Used in Chemical Research:
In the field of chemical research, (2-Naphtyl)tributylstannane is used as a reagent to explore new reaction pathways and mechanisms. Its involvement in cross-coupling reactions provides insights into the behavior of organotin compounds and their potential applications in various chemical processes.
Used in Material Science:
(2-Naphtyl)tributylstannane is used as a precursor in the synthesis of advanced materials, such as organic semiconductors and conductive polymers. Its role in cross-coupling reactions enables the formation of novel materials with unique electronic and optical properties, which can be applied in various technological applications, including sensors, solar cells, and electronic devices.
Used in Agrochemical Industry:
In the agrochemical industry, (2-Naphtyl)tributylstannane is used as a building block for the synthesis of new pesticides and agrochemicals.

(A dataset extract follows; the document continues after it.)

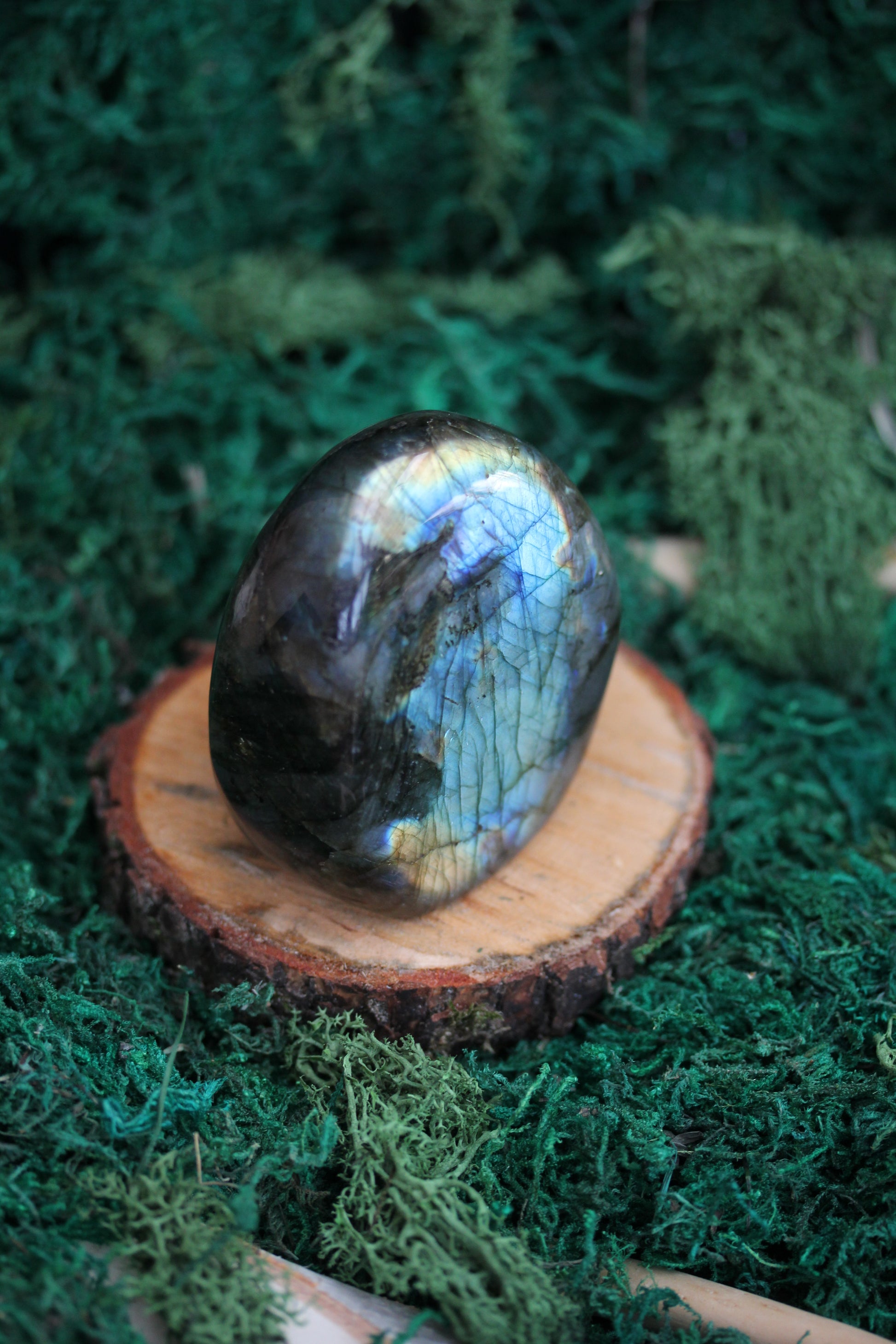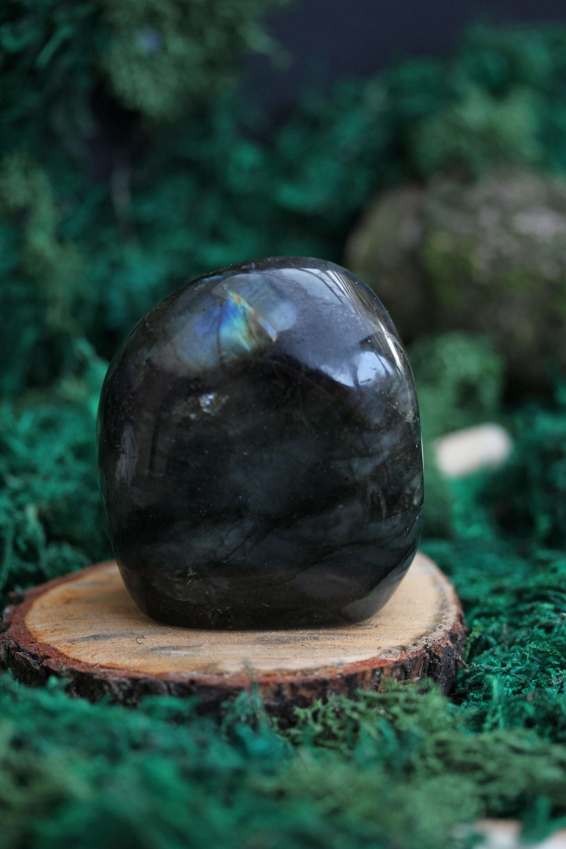 In the heart of a moonlit forest, nestled amidst ancient, whispering trees, there lies a hidden treasure, a Blue Labradorite Freeform Crystal that seems to hold the secrets of the cosmos. Its beguiling shades of blue are reminiscent of the serene lakes where legends of old speak of ethereal beings who danced upon the water's surface.

Its participation in cross-coupling reactions allows for the development of innovative compounds with improved efficacy and selectivity, contributing to more sustainable agricultural practices.
Used in Dye and Pigment Industry:
(2-Naphtyl)tributylstannane is used as a key intermediate in the synthesis of dyes and pigments. Its ability to undergo cross-coupling reactions enables the creation of a wide range of colored compounds with diverse hues and properties, which can be utilized in various applications, such as textiles, plastics, and printing inks.

Upstream product

• 1461-23-0 tributyltin bromide 
• 21473-01-8 2-naphthalenylmagnesium bromide 
• 580-13-2 2-bromonaphthalene 
• 1461-22-9 tributyltin chloride 
• 7439-95-4 magnesium 
• 67430-86-8 (2-naphthyl)(triphenylphosphanyl)gold 
• 118486-94-5 2-(tributylstannyl)furan 
• 68725-14-4 tri-n-butyltin triflate 
• 32316-92-0 naphthalene-2-boronic acid 
• 1067-52-3 tributyltin methoxide 
• 3857-83-8 2-naphthyl triflate 
• 17955-46-3 trimethylsilyltributyltin 
• 15300-41-1 (naphthalen-2-yl)dimethylcarbamate 
• 1503-86-2 2-naphthyl pivalate 

Downstream Products

• 66-99-9 β-naphthaldehyde 
• 92-52-4 biphenyl 
• 1010685-87-6 C₁₈H₁₄Cl₂ 
• 644-13-3 C₆H₅COC₁₀H₇ 
• 323-09-1 2-fluoronaphthalene 
• 345-92-6 4,4'-Difluorobenzophenone 
• 119999-21-2 2-[4-(ethoxycarbonyl)phenyl]naphthalene 

Relevant articles and documents

Nickel-catalyzed decarbonylative stannylation of acyl fluorides under ligand-free conditions

Nickel-catalyzed decarbonylative stannylation of acyl fluorides under ligand-free conditions was disclosed. A variety of aromatic acyl fluorides are capable of reacting with silylstannanes in the presence of cesium fluoride. A one-pot decarbonylative stannylation/Migita-Kosugi-Stille reaction of benzoyl fluoride, giving rise to the direct formation of the corresponding cross-coupled products, further demonstrated the synthetic utility of the present method. This newly developed methodology with a good functional-group compatibility via C-F bond cleavage and C-Sn bond formation under nickel catalysis opens a new area for the functionalization of acyl fluorides in terms of carbon-heteroatom bond formation.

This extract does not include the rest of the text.